Heaven Will Be Mine and choice in games

I beat my first game of 2022, and it’s a good one.

There’s a lot I could praise in Heaven Will Be Mine. The music, the art, the writing, the UI. All of it is very, very good. But the thing that impressed me most about the game was how well it managed player choices.

At the start of the game, the player chooses one of three pilots to follow, but from there the story can still reach any of their factions’ respective endings. What ultimately decides the outcome of a playthrough is in each chapter/day of the story, the player choosing which direction the pilot’s actions will take. This isn’t unique on a purely mechanical level. It’s pretty common these days to put stock in player choices, and to let there be multiple endings to stories.
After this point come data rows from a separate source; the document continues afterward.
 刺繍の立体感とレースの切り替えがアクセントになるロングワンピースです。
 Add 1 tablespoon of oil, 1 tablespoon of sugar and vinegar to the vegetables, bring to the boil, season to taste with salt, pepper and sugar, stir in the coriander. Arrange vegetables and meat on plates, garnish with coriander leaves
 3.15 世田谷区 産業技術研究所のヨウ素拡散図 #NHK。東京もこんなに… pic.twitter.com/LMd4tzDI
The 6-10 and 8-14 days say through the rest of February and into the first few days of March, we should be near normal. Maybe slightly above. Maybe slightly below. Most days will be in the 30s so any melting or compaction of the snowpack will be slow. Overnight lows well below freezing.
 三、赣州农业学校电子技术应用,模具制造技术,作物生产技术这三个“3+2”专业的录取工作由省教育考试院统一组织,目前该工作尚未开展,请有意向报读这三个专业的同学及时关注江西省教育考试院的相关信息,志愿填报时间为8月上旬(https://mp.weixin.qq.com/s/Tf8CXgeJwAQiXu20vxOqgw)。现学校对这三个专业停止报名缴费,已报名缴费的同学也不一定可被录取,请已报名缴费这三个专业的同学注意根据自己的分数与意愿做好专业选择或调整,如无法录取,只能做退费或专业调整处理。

But no other game I’ve played has done it so well.

It’s incredibly difficult to write a story and characters in such a way that they are both good and also malleable enough for the player to control their actions. Think about your Fallouts and your Skyrims and all those sorts of games, and ask yourself what kind of person the player character is? What do they like? What do they think of the world? How do they go about expressing themselves? In the end there’s no right answer here. It’s however you play them. And that’s perfectly fine for the kind of game that they are, but when the main character can’t be given any kind of their own personality, it massively undercuts the dev’s ability to create a compelling story. So then how do you balance this? How does the player have choice and agency within a deep and compelling story?

Honestly, for a long time I didn’t think it was possible. I’ve complained about there being too much emphasis placed on player choice in games for quite a while. And I’ve seen games try (and fail) to have both. I remember playing Assassin’s Creed Odyssey and being frustrated by the way they seemingly let you play Kassandra as a self insert 90% of the time, but would then decide on various outcomes the other 10%. For instance, the pretty well publicized controversy behind letting you play her as a lesbian, but the game deciding that narratively she has to have a kid with a man. (Also, ok, I don’t usually go for this kind of game to begin with, but listen, as far as self inserts go, a buff lesbian was a pretty compelling one).
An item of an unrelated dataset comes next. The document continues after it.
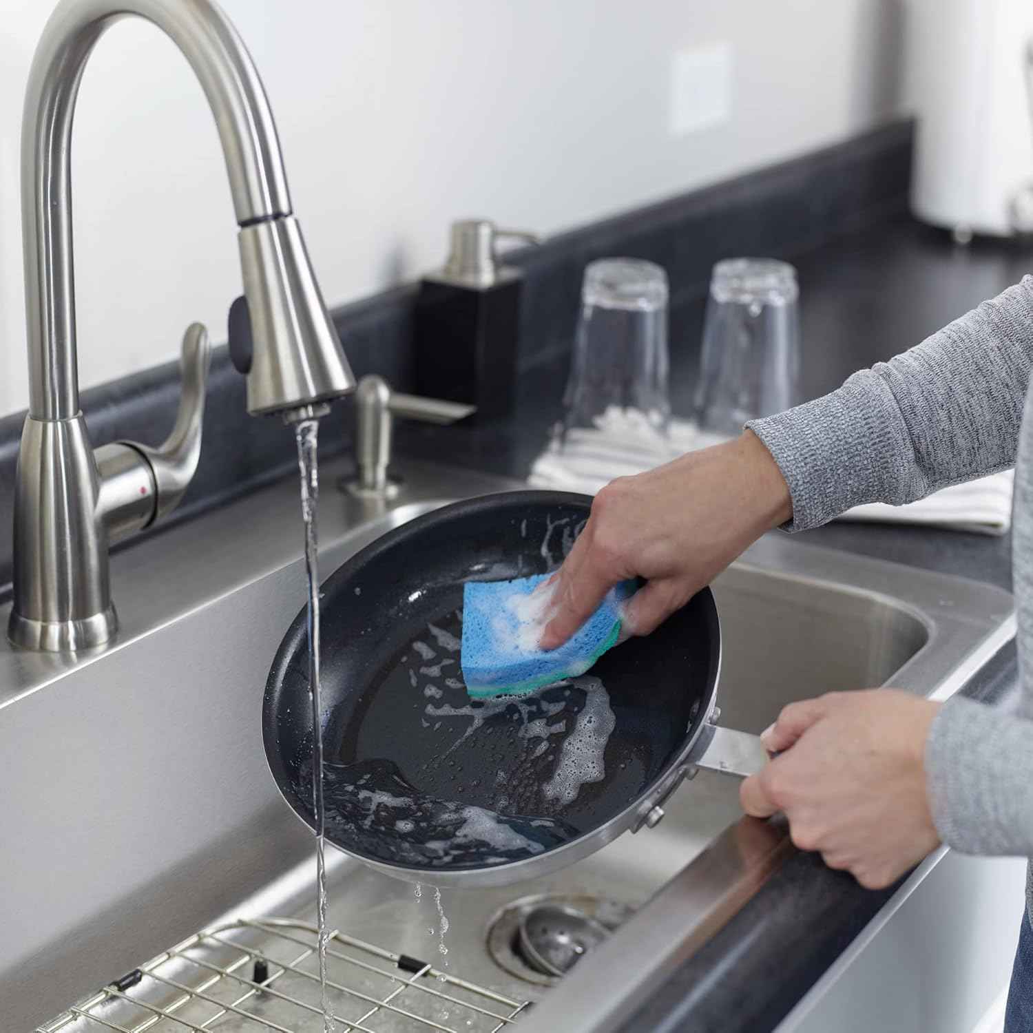 The powerful, yet gentle O-Cedar Scrunge Multi-Use Sponge uses the only patented durable non-scratch scrubbing surface recommended by Teflon quality tested nonstick coatings. Rated the best all-purpose cleaning sponge by Cooks Illustrated after extensive testing in America's Test Kitchen. This dual-sided, odor-resistant sponge has a rippled surface that breaks up and lifts away dirt then rinses clean to prevent stinky and smelly odors. This sponge is safe to use on both cookware and bakeware. After each use, rinse thoroughly and squeeze sponge dry after each use. To further clean sponge, place in the dishwasher. This multi-purpose sponge is designed to be safe on most household, hard surfaces. For delicate surfaces, test first on an inconspicuous area and allow to dry before general use. For best results, replace the sponge every 30-60 days! Built from durable materials, our sponge lasts 20% longer than regular scrubbing sponges. Traditional scrubbers trap and collect dirt which leaves them dirty and smelling gross. The Scrunge is S-shaped to fit perfectly in your hand for comfort and grip!

But, for all of this, I think I was wrong to see player choice and strong characterization as being mutually exclusive, because Heaven Will Be Mine has proven that they’re not, and that they just have to be balanced carefully.
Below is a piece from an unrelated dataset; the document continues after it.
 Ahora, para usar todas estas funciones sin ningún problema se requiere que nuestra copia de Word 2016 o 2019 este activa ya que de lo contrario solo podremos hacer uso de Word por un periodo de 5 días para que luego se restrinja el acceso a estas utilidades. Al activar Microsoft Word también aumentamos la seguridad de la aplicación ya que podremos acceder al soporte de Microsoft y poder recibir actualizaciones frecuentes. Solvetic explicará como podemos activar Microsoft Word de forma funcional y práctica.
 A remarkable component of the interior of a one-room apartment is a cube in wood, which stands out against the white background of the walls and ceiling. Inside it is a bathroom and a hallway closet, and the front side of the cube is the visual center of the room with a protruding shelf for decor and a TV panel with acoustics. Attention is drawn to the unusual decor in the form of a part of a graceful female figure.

In HWBM, even though you choose the outcome of each interaction, the characters are still given enough space in which to act as their own people. You can alter their trajectory, guiding their orbit, but not reverse it entirely. No matter the outcome, each action they take fits their characterization perfectly, to the point where it’s not hard to forget that these are choices that you made from the start, but the fact that you had a hand in it draws you into the story beautifully. And each outcome is still meaningfully different, each ending memorable and distinct (and if you enjoy one, I would encourage you to seek out and experience the others). And it does all this so well that I’m left reconsidering my thoughts on player choice in games entirely. Yes, HWBM is a visual novel, so applying it to other types of games would bring about other sorts of challenges. But for the first time in ages I’m actually interested in games exploring this, and want to seek out other games that do it well. If you have any suggestions, I’d be happy to hear them.